2: Submission is not a license to abuse your wife or use her as a doormat. If you read Ephesians 5:25-31 it will tell you how to treat your submissive wife. Basically love her the way you love yourself. So before you go and start demanding that she submits look in the mirror, tell yourself to step up and love her. Take from a woman- it is easier to submit to a loving man because you know you are safe so letting will not worry you as much. PS. she is not your servant so please do not treat her as such. To be submissive is let someone else lead but it does not mean to let them lord over you while you just “yes sir, ok sir”. At the end of the day gentlemen you too have a part to play. This concept works best in an environment of love and it is your responsibility to build and maintain it. Before she submits you owe her respect (she should reciprocate of course) and while she is submissive you owe her a love so real, so strong that your life literarily depends on it.

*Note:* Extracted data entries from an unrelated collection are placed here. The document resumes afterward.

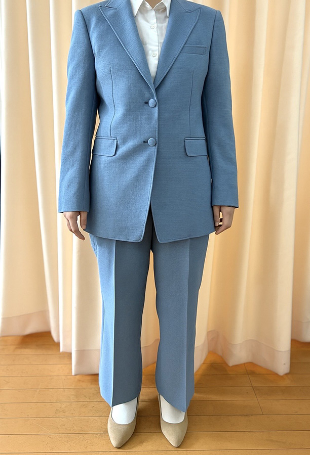このように、色やデザインだけでなく、用途に合わせたサイズ感までもこだわれるところが、オーダーのよいところです。 機能性素材だからこそ実現できる、洗える・動ける・美しい、 この3拍子揃ったスーツは、お客様のパフォーマンスを支えてくれることと思います。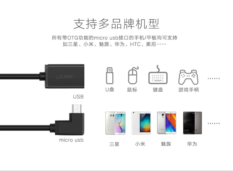 绿联 OTG线 otg连接线三星小米魅族手机 micro USB转接 OTG数据线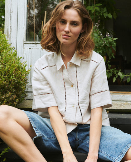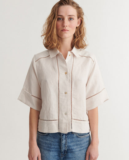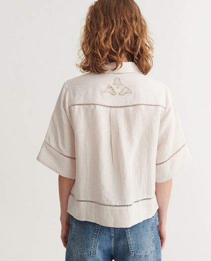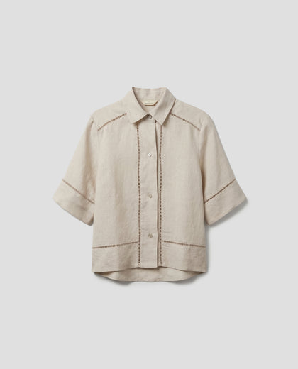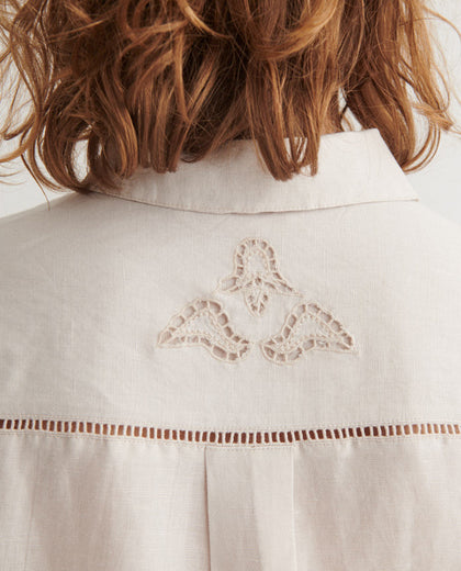 חולצת פשתן מכופתרת בגזרה משוחררת עם גימורים עדינים של תחרה במהדורה מוגבלת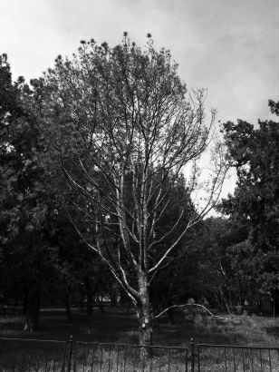 2018年5月初发现此区域有3 株白皮松出现长势严重衰弱,表现为针叶稀疏且短、枯黄落叶,其中径级38cm 以上的1 株,径级26-36cm 的1株,径级14-24cm 的1 株。 出现枯黄落叶的白皮松整树或者部分侧枝迈向干枯、死亡危机,由远处观望树冠顶端赤枯。(见图1-2)长势衰弱的白皮松呈现零星分布,结合田间观察并未发现重大病害特征,枝干上有蛀干害虫危害的虫道。 用尺子量取每束针叶的长度,每株树取10 次重复,取其平均值,针叶长3cm。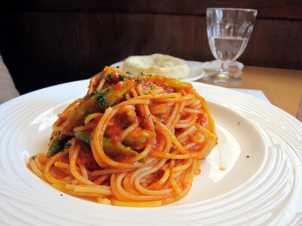 同行者がたのんだパスタです。トマトソースのおいしいパスタです。パスタのボリュームもたっぷりで食べ応えのあるパスタです。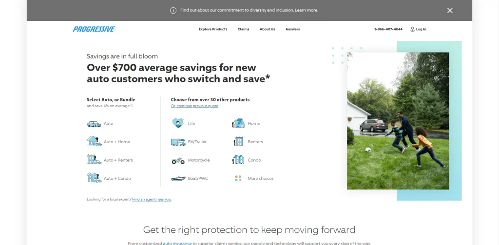 Progressive의 웹사이트는 많은 여백과 더 작은 글꼴로 매우 간단합니다. 즉시 그들은 다른 보험 회사에서 눈에 띄는 데 도움이되는 몇 가지 사실을 보여줍니다. 잠재 고객이 보험에 가입하려는 제품을 선택한 다음 몇 가지 질문을 작성하여 견적을 받을 수 있도록 함으로써 견적을 빠르고 쉽게 받을 수 있습니다. 이를 통해 잠재 고객이 지불해야 할 금액을 쉽게 확인할 수 있습니다.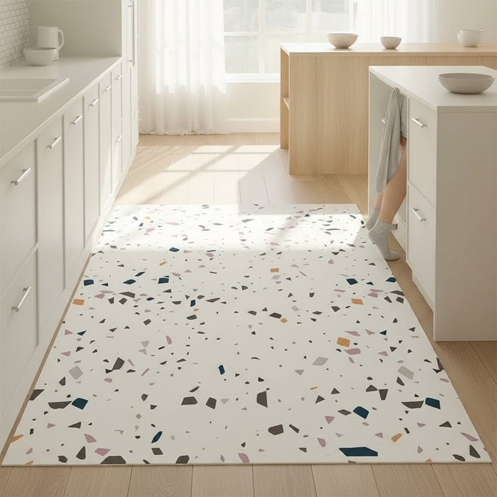 Découvrez la qualité et le design de notre Tapis Cuisine motif terrazzo multicolore antidérapant moderne. Parfait pour protéger votre sol, ajouter une touche décorative et profiter d’un confort optimal au quotidien dans votre cuisine.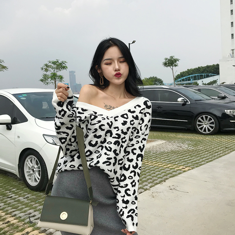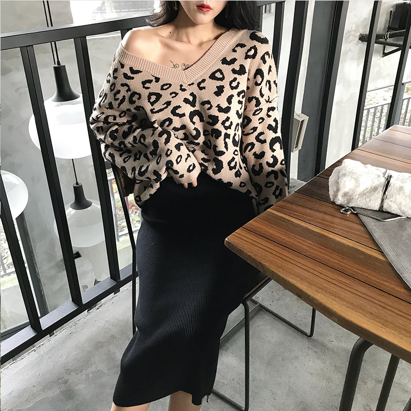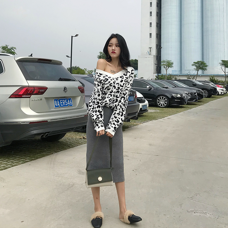 / 新款韓版斑點時尚風V領寬松上衣+復古chic純色中長裙針織衫裙套裝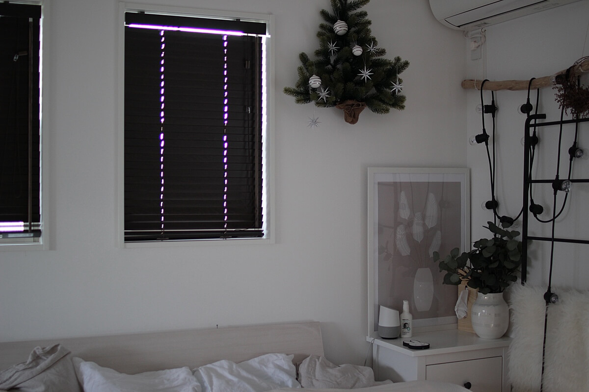 家族しか過ごさない寝室には片付けも楽な壁掛けツリー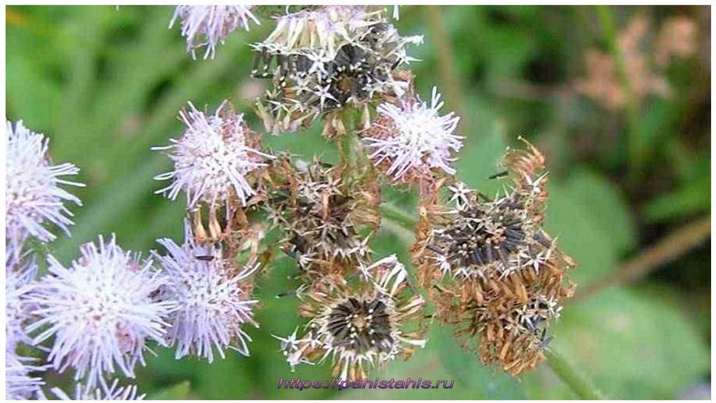 Агератум конизовидный (Ageratum conyzoides) – растение с широколанцетными с тупой верхушкой листьями, основание которых плавно переходит в черешок. Соцветия у этого вида небольшие и не очень привлекательные. Найти агератум конизовидный можно только в садах коллекционеров.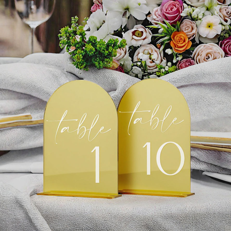 Gold Arch Acrylic Eco-Friendly Table Numbers 1-10 for Wedding & Mother's Day Centerpiece Decor Modern Guest Party Signs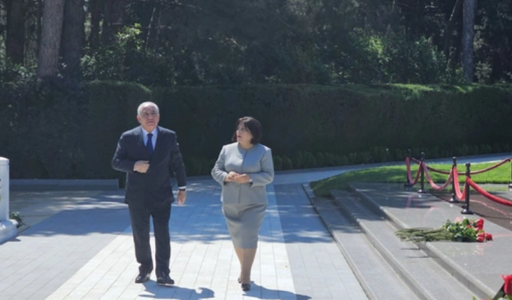 Əli Əsədov və Sahibə Qafarova ulu öndər Heydər Əliyevin Fəxri xiyabandakı məzarını ziyarət ediblər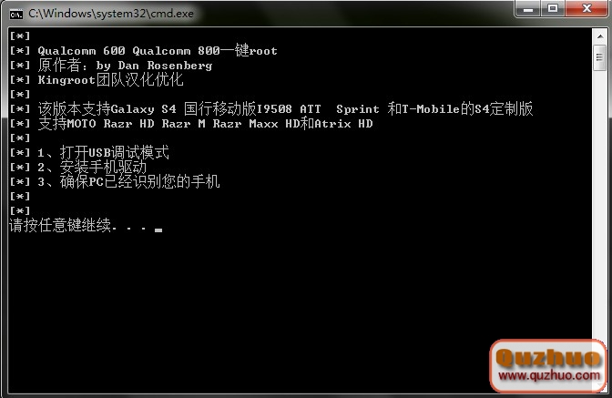 解壓所下載的一鍵解鎖工具,手機通過數據線連接www.shuleba.com電腦,等待驅動安裝成功後點擊解壓文件夾內的“run.bat”文件,按任意鍵開始,等待ROOT成功。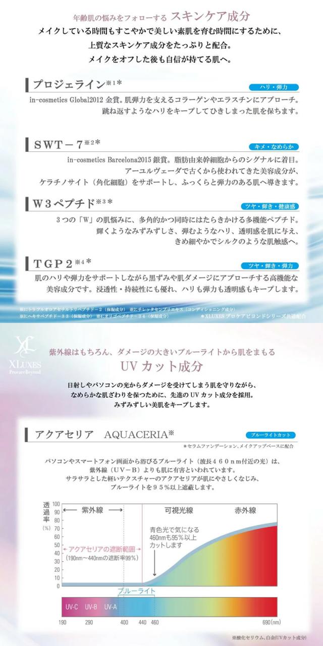 水、シクロペンタシロキサン、グリセリン、メトキシケイヒ酸エチルヘキシル、酸化チタン、BG、トリエチルヘキサノイン、セチルPEG/PPG-10/1ジメチコン、ラウリルPEG-9ポリジメチルシロキシエチルジメチコン、ジステアルジモニウムヘクトライト、ヒト脂肪細胞順化培養液エキス、カプリロイルジペプチド-17、ヒアルロン酸アスコルビルプロピル、アセチルヘキサペプチド-8、トリフルオロアセチルトリペプチド-2、クロクスクリサンツス根エキス、オリゴペプチド-68、ビブリオアルギノリチクス培養液、オリゴペプチド-34、ブルビネフルテスセンス葉汁、酸化セリウム、白金、合成フルオロフロゴパイト、酸化スズ、マイカ、シリカ、ダイヤモンド末、セラミドEOP、セラミドNG、セラミドAP、セラミドNP、フィトスフィンゴシン、リン脂質、水溶性コラーゲン、ヒアルロン酸Na、α-アルブチン、レチノール、フラーレン、エナンチアクロランタ樹皮エキス、ダイズ芽エキス、オレンジ花水、ヒマワリ種子油、ダイズ油、ツボクサエキス、アルトカルプスラコカ木エキス、酢酸トコフェロール、アルテロモナス発酵エキス、チレッタセンブリエキス、フランスラベンダーエキス、ニュウコウジュ油、ヘキサペプチド-33、パルミトイルペンタペプチド-4、硫酸Mg、アルミナ、トリメチルシロキシケイ酸、ジエチルアミノヒドロキシベンゾイル安息香酸ヘキシル、ジイソステアリン酸ポリグリセリル-2、窒化ホウ素、メタクリル酸メチルクロスポリマー、水酸化Al、ハイドロゲンジメチコン、キサンタンガム、アラビアゴム、トリ(カプリル酸/カプリン酸)グリセリル、水添レシチン、プロパンジオール、1,2-ヘキサンジオール、オルニチン、ポリソルベート80、糖脂質、カプリリルグリコール、アニス酸Na、レブリン酸Na、PCA亜鉛、3-O-エチルアスコルビン酸、フェニルエチルレゾルシノール、酸化亜鉛、パルミチン酸イソプロピル、ケイ酸(Na/K/Al)、ジメチコン、トコフェロール、ベヘニルアルコール、ペンタステアリン酸ポリグリセリル-10、硫酸Ba、レシチン、ペンタペプチド-18、ステアロイルラクチレートNa、ポリシリコーン-11、PVP、イソステアリン酸、ポリソルベート40、カルボマー、ポリソルベート20、デキストラン、アセチルヘキサペプチド-51アミド、オレアノール酸、オレイン酸Na、アルギン酸PG、ホホバ種子油、ダマスクバラ花油、ローズマリー葉油、ローズマリー油、ニオイテンジクアオイ油、オレンジ油、ベルガモット果実油、フェノキシエタノール、(+/-)、酸化鉄、タルク、メチコン

Play your part men.
Having explained all of that let me say what I wanted to say lol

After creation all was well…. That is until temptation and the fall of Adam and Eve (well mankind really). As punishment Eve was told she would have severe pain in childbirth and she would have to SUBMIT to her husband. The talk of pain to, and in, a woman is for another day- today we will focus on submission. Submission was a concept introduced as punishment but it turned out so well that today it used to describe the church’s relationship with Christ. We must remember that this is a MARRIAGE concept though, not a common concept. So outside of holy matrimony eg.at work or school this does not, and should not be applied.

I have come to realize that the reason saw submission as a fitting punishment for the woman because of the power (authority) he had put in her during creation. The word submit means to serve, to lower yourself. Submission is NOT doing laundry, cooking and other household chores- if it was then chefs, maids and even washing machines or dry cleaners would all automatically qualify to be called “wives”because they too do all these things. No, it actually a state of the mind and heart- a woman could not do chores in her house because they have the necessary help to do so around the house and still.be called a good,.submissive wife. To submit is a VOLUNTARY ACTION, it implies having power but choosing to give it up and surrender.

The power in a woman. The enemy saw this it and chose to exploit it. Does anyone wonder why the serpent chose Eve rather than Adam? The fact that Eve convinced Adam to take a bite of the apple is proof that Adam’s resolve was unmovable. Is it possible that the enemy knew that, had he tempted Adam first, Adam wouldn’t have had the power to convince Eve to follow suit? Of what use would only half a corrupted people be to the devourer? He saw what Eve, and women throughout the ages have not yet come to understand- simply put it is the fact that:  WOMEN HAVE THE POWER.

Men, being created first, have an inborn pride. A pride that defines them, and yet it is so fragile. This is why Paul, whenever he spoke of marriage, stresses the this concept of submission. I know that.today certain feminist ideals appear reject this notion and I’m tempted to believe that this is one of the major reasons marriages today are falling apart- we are.moving.further and further away from the ultimate blueprint of how households must be structured (according to the Word of God) in the name of being modern and keeping up with the times.

I almost feel like women have once again taken a bite of another apple- from the tree of “power and freedom”. The problem is we have let it get to our heads, we are almost drunk on this power and freedom, letting ourselves run amok. I would say that we are now behaving like toddlers in a candystore- taking it all, even that which we do not need, forgetting too much of anything is bad (it is the explanation for reasons why some women want to take their degrees, job titles and pay checks home to their husbands to prove why they too deserve respect in the house- even without all that it is your God-given right as a wife). As Christian women we need to realize that we were created as “helpers”, not as heads, but helpers. Let me tell you though, there is absolutely nothing wrong with being a helper. For Jesus even said he who HELPS a prophet will receive a prophet’s reward (Matthew 10:41). Meaning that a helper and the helped are equal before God. We must try to learn not to get hung up on titles. Remember that even the leader must serve those he leads (Luke 22:26) meaning that everyone must serve everyone in one capacity or other ie our husbands too must be like our servants as they lead us.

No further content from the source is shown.